Rough implementation plan:

  1. Add signatures field to LedgerTransaction, deprecate and copy over all signature checking methods from SignedTransaction. Allow LedgerTransaction to have an empty list of signatures for the interim.
  2. Modify TransactionBuilder to retain all data that was passed in. Introduce a build() method that returns a LedgerTransaction (TBD). Deprecate but modify toWireTransaction to work for now.
  3. Add helper methods to FlowLogic, e.g. receiveAndVerifyTransaction(): LedgerTransaction that handles dependency resolution and contract verification.
  4. Update all docs and examples to use the new API.
  5. Incrementally remove the usages of deprecated API, fix unit tests
  6. Remove deprecated API.

Here’s how the same flow would look with the new API:

The sender:

val ledgerTransaction: LedgerTransaction = TransactionBuilder(General, specificNotary)
        .addInputState(ourStateAndRef)
        .addOutputState(ourOutput)
        .addCommand(ourCommand)
        .addAttachment(ourAttachment)
        .build()

val signedTx: LedgerTransaction = serviceHub.signTransaction(ledgerTransaction)

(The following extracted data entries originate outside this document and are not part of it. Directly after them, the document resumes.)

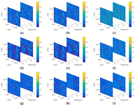 As shown in Figure 7, the projection results are divided to construct the EVs of different subareas via Equation (14). According to the extracted EVs and Equations (16)–(20), the corresponding RSMs are built for high-resolution imaging of BP-TCAI. To verify the superiority of BP-TCAI, Figure 8 compares the 3D imaging results of BP-TCAI and the previous algorithms, including traditional TCAI and GM-TCAI. The imaging models of traditional TCAI, GM-TCAI and BP-TCAI are based on Equations (5), (9) and (21), respectively. The imaging procedures of the three imaging methods are described in Table 1, Table 2 and Table 3, separately. Figure 8a–c presents the imaging results of tradition TCAI under 30 dB, 0 dB and −30 dB, respectively. Moreover, Figure 8d–f describes the imaging results of GM-TCAI, while Figure 8g–i show the imaging results of BP-TCAI under different SNRs. As shown in Figure 8a,d,g, when the SNR is 30 dB, all the three TCAI methods can reconstruct the 3D target. For 0 dB condition presented in Figure 8b,e,h, both BP-TCAI and GM-TCAI reconstruct the precise target while the traditional TCAI resolves the target with some background noise. When the SNR is greater than or equal to 0 dB, all the three imaging methods can reconstruct the 3D target regardless of the imaging performance. However, traditional TCAI resolves a cluster of disordered scattering points in the 3D imaging area under −30 dB, which is shown in Figure 8c. As for BP-TCAI and GM-TCAI, it is difficult to judge the image quality from Figure 8f,i, both of which resolve the clear 3D target. Therefore, we use RIE and PSI to compare the imaging performance of them.
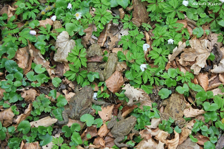 | Foto: Amphibien wie die Erdkröte halten Winterstarre. © H. Kurz | Foto: Erdkröten wandern im März zu ihren Laichgewässern. © H. Kurz | Foto: Amphibienschutzzäune retten vielen Erdkröten das Leben. © H. Kurz |
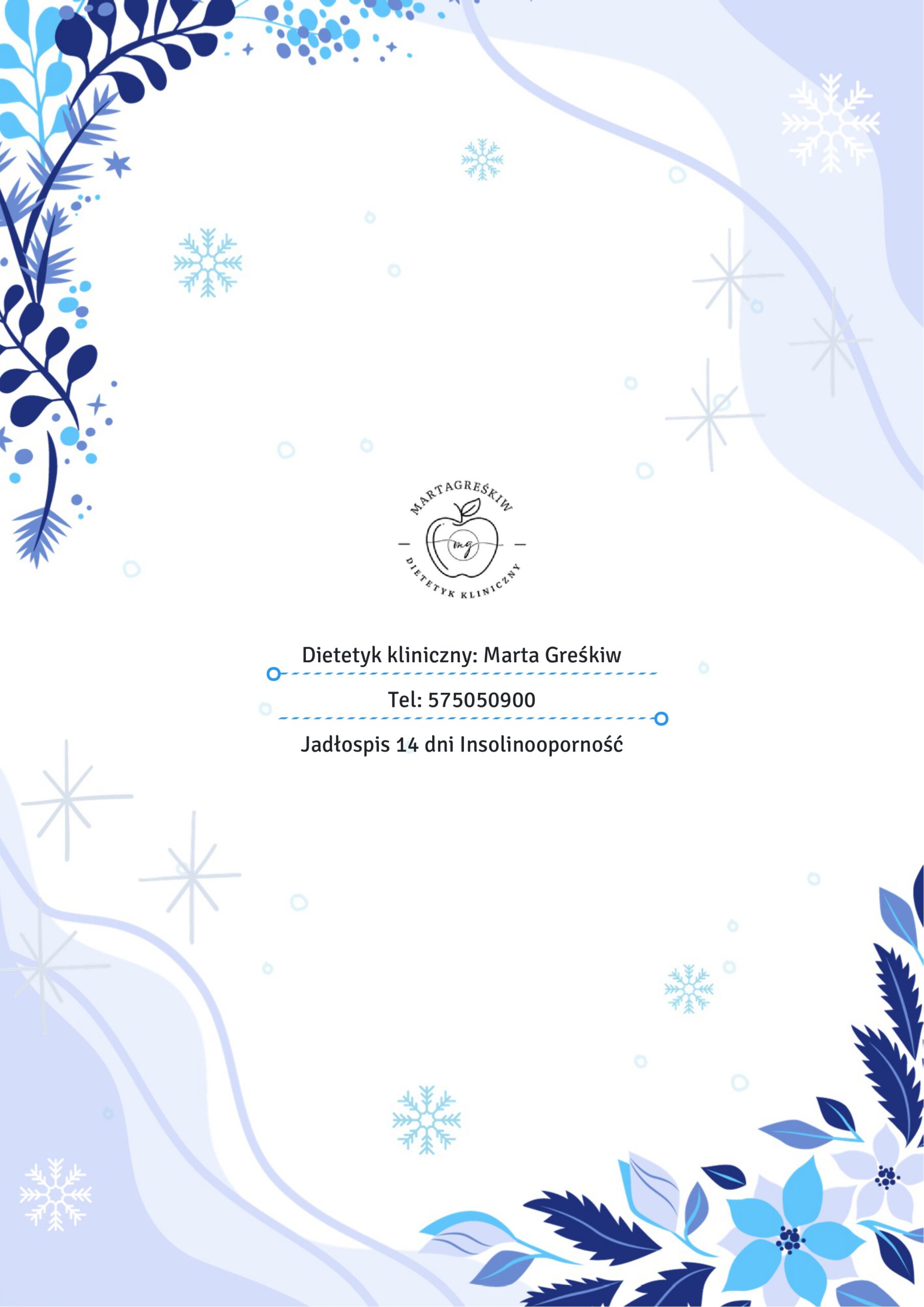 Jadłospis dedykowany dla osób z: Insulinoopornością, nadciśnieniem, nadwagą i otyłością.
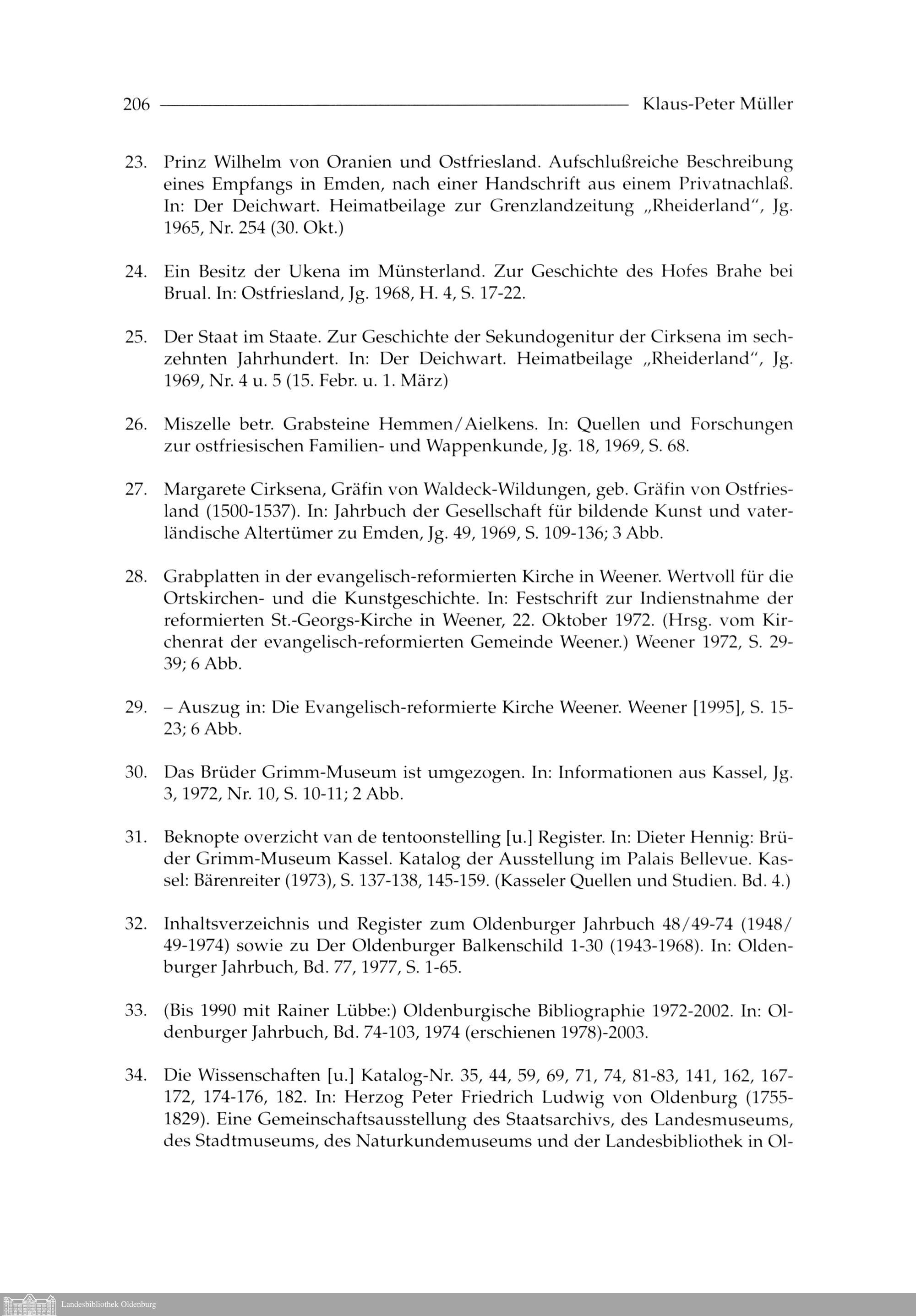 Klaus-Peter Müller: Verzeichnis der Veröffentlichungen von Egbert Koolman. Zum 65....

val counterPartySignature = sendAndReceive<DigitalSignature.WithKey>(counterparty, signedTx).unwrap { it }

val finalTx: LedgerTransaction = signedTx + counterPartySignature

// The sender doesn't need to perform any dependency resolution
// When recording the transaction, a SignedTransaction(WireTransaction, signatures) is extracted and
// stored, but it's all done inside service hub. Loading a transaction from storage also automatically resolves it
// to a LedgerTransaction
subFlow(FinalityFlow(finalTx))

The receiver:

val transaction: LedgerTransaction = receiveAndVerifyTransaction(counterparty)

// At this point we're guaranteed that the transaction is valid, only need to check signatures
transaction.verifySignatures(allowedToBeMissing = me, notaryKey)

// Do custom checks
transaction.inputs.single().state.data is MyContractState

// Add my signature
val mySignature = serviceHub.createSignature(transaction)

send(mySignature)

It definitely requires a bit more thought in some places, but that’s the general idea. Any thoughts or comments much appreciated!


(Andrius Dagys) #2

As a consequence of this change we could also get rid of the TransactionState wrapper, by moving the encumbrance and notary pointers out of the states. Since no notary change is allowed in a regular transaction, we can just use the transaction’s notary field as an indicator for all the output states’ notaries. That would eliminate the “check no notary change” verification step.


(Mike Hearn) #3

It looks reasonable - can you talk to Roger and Matthew about this and ask them to comment? They have also looked at simplifications in this area and came up with a different proposal, but I don’t recall right now how it differed.

The main issue we ran into is that we now have enough code in apps and unit tests that changing this sort of core API takes a huge effort and ended up becoming impractical. Have you evaluated the cost of the change? We’re running out of time to do such things.